## Exercise goal
In the listing below, start your output at the line with "Relaxe com toda" and end it after the line with "El titular de", copying every line exactly.

## Data in this exercise
---+---

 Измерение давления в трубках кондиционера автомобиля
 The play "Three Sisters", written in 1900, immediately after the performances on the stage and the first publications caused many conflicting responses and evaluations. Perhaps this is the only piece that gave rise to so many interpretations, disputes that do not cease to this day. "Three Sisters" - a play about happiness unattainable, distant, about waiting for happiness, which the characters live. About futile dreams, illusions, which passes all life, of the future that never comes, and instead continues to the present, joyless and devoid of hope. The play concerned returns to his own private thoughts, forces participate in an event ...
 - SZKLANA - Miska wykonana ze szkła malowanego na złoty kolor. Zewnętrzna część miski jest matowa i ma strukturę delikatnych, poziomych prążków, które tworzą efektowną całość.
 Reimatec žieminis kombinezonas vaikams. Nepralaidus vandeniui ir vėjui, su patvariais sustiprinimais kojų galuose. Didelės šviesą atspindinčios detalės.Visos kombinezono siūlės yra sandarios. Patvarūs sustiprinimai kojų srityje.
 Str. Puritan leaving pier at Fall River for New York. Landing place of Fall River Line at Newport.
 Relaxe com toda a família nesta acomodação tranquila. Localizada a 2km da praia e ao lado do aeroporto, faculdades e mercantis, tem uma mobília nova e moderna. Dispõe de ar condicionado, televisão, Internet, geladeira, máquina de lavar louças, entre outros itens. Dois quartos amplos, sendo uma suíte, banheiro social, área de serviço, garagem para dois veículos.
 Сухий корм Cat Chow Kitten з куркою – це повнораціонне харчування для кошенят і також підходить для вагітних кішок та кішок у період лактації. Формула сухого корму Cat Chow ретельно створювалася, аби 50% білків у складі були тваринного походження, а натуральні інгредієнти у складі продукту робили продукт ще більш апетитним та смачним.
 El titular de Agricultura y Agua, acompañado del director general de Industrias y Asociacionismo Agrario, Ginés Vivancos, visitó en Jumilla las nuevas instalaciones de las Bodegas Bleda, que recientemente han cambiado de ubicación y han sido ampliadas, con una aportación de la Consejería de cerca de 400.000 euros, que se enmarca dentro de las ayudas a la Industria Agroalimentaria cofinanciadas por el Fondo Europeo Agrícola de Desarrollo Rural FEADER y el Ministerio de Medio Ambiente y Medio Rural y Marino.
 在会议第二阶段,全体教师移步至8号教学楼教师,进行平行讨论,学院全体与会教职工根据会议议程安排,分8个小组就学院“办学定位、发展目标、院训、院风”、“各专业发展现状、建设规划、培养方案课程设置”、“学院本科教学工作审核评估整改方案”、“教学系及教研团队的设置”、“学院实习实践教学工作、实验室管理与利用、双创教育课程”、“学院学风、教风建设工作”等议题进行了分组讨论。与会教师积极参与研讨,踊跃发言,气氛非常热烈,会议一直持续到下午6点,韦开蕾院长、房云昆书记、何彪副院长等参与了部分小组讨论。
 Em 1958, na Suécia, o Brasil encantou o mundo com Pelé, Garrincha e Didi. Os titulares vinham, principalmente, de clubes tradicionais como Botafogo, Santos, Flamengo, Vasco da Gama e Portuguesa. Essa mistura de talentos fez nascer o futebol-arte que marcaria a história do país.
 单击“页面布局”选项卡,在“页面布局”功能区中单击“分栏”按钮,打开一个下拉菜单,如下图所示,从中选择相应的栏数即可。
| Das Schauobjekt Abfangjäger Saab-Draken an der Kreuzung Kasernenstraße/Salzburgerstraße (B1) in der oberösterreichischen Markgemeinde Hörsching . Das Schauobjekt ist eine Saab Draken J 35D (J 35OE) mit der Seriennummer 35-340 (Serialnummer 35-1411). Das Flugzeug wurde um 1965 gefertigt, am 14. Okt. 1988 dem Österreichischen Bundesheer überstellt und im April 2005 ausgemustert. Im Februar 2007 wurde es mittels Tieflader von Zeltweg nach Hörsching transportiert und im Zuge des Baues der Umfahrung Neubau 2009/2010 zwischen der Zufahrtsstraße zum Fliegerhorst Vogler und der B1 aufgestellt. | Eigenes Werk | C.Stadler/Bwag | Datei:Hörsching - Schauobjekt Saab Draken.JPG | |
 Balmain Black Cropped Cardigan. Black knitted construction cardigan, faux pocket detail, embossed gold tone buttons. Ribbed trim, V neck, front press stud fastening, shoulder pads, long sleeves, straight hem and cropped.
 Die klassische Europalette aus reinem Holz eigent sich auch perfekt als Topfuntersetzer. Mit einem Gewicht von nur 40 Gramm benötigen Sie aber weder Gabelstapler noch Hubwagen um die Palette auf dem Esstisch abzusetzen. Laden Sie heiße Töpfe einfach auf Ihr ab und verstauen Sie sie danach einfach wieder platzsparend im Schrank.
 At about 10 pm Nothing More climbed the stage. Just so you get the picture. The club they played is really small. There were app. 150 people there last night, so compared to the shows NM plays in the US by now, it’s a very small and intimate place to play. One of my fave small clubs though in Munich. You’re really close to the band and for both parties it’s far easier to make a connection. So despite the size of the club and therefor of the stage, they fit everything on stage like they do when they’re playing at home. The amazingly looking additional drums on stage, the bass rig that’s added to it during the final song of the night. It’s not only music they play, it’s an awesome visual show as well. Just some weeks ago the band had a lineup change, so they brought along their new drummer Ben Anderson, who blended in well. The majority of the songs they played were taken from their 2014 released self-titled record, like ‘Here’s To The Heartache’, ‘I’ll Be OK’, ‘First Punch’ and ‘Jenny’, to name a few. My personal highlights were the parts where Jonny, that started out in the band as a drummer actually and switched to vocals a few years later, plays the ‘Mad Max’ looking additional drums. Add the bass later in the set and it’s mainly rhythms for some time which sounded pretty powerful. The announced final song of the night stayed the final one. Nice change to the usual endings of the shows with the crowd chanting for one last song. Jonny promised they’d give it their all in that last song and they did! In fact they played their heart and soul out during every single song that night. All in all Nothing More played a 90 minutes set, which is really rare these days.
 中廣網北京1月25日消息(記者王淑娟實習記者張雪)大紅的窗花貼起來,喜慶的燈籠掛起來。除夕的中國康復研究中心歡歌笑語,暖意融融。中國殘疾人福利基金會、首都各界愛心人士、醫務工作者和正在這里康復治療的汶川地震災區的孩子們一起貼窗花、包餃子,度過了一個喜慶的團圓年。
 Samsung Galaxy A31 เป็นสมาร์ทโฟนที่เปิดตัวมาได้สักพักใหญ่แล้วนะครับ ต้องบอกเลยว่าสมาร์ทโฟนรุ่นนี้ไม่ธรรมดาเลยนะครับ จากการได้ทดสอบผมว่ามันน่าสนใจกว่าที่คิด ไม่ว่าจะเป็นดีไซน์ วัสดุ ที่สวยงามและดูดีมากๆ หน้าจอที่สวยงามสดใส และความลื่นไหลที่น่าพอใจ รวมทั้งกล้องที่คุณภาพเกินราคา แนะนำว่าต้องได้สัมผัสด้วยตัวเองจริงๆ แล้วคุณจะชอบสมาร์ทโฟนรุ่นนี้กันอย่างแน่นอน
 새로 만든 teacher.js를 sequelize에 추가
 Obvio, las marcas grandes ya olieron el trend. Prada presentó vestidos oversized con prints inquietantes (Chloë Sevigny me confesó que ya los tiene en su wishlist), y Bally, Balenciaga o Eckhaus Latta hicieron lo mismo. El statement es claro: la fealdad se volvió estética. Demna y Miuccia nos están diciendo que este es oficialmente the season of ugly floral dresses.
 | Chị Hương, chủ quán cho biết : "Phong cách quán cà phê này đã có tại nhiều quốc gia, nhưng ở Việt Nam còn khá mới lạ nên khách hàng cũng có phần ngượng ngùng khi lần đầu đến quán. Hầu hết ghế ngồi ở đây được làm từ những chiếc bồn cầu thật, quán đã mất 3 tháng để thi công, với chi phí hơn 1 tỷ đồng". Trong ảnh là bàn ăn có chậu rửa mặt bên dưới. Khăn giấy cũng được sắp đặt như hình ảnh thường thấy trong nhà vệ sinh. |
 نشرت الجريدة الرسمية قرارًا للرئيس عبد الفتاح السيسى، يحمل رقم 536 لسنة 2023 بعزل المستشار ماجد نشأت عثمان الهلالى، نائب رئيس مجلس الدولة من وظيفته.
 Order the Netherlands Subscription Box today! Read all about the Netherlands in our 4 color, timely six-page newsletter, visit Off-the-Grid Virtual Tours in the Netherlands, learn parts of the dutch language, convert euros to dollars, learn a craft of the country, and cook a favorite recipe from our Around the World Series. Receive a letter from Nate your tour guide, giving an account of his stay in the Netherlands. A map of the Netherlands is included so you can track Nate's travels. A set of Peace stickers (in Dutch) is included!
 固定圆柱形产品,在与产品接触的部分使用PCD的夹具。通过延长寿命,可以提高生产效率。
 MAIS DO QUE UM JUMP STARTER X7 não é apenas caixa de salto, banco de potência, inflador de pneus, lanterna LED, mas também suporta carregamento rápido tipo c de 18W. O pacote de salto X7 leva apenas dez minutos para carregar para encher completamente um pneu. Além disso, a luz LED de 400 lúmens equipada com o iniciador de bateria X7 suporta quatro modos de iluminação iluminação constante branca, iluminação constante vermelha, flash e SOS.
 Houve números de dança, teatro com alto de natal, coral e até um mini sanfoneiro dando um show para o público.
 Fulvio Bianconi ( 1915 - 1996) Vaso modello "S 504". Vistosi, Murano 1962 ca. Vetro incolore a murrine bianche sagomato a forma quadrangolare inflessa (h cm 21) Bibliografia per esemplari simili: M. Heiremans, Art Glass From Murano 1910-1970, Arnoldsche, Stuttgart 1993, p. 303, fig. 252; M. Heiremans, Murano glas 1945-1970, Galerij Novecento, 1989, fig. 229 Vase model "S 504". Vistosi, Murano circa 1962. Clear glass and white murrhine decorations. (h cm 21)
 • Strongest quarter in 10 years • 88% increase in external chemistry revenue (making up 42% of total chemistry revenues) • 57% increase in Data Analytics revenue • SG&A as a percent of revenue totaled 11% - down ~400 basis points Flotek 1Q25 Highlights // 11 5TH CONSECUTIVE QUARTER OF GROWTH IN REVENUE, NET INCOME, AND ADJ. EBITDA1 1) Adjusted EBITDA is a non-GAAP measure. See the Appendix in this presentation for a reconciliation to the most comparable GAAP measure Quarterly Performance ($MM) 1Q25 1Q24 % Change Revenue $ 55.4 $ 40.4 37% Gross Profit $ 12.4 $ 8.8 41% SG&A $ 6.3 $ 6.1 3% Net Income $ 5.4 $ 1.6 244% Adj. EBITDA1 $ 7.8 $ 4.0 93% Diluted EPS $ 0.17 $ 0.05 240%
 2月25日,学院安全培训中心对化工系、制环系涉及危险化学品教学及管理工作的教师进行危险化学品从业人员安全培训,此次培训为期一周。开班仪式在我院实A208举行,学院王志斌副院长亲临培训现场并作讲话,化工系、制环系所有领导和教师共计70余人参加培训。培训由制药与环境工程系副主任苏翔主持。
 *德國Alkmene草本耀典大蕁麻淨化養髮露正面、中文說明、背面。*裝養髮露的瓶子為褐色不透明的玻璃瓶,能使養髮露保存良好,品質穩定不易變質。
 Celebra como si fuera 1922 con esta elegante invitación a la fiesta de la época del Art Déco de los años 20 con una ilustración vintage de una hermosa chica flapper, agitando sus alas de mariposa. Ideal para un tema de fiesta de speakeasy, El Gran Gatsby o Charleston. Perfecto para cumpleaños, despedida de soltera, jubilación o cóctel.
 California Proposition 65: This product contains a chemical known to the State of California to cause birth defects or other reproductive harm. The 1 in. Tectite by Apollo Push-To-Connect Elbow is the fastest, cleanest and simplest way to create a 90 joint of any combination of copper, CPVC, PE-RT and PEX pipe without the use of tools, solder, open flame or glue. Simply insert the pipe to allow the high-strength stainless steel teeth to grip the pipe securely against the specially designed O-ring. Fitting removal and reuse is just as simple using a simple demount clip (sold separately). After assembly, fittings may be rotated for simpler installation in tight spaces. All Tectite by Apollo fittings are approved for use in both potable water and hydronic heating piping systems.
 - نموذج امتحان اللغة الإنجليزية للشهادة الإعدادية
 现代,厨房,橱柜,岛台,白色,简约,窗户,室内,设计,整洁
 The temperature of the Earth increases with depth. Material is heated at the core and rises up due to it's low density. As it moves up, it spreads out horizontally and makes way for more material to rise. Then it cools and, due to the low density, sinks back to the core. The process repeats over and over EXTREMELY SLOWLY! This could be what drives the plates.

---+---

## Solution for this task
 Relaxe com toda a família nesta acomodação tranquila. Localizada a 2km da praia e ao lado do aeroporto, faculdades e mercantis, tem uma mobília nova e moderna. Dispõe de ar condicionado, televisão, Internet, geladeira, máquina de lavar louças, entre outros itens. Dois quartos amplos, sendo uma suíte, banheiro social, área de serviço, garagem para dois veículos.
 Сухий корм Cat Chow Kitten з куркою – це повнораціонне харчування для кошенят і також підходить для вагітних кішок та кішок у період лактації. Формула сухого корму Cat Chow ретельно створювалася, аби 50% білків у складі були тваринного походження, а натуральні інгредієнти у складі продукту робили продукт ще більш апетитним та смачним.
 El titular de Agricultura y Agua, acompañado del director general de Industrias y Asociacionismo Agrario, Ginés Vivancos, visitó en Jumilla las nuevas instalaciones de las Bodegas Bleda, que recientemente han cambiado de ubicación y han sido ampliadas, con una aportación de la Consejería de cerca de 400.000 euros, que se enmarca dentro de las ayudas a la Industria Agroalimentaria cofinanciadas por el Fondo Europeo Agrícola de Desarrollo Rural FEADER y el Ministerio de Medio Ambiente y Medio Rural y Marino.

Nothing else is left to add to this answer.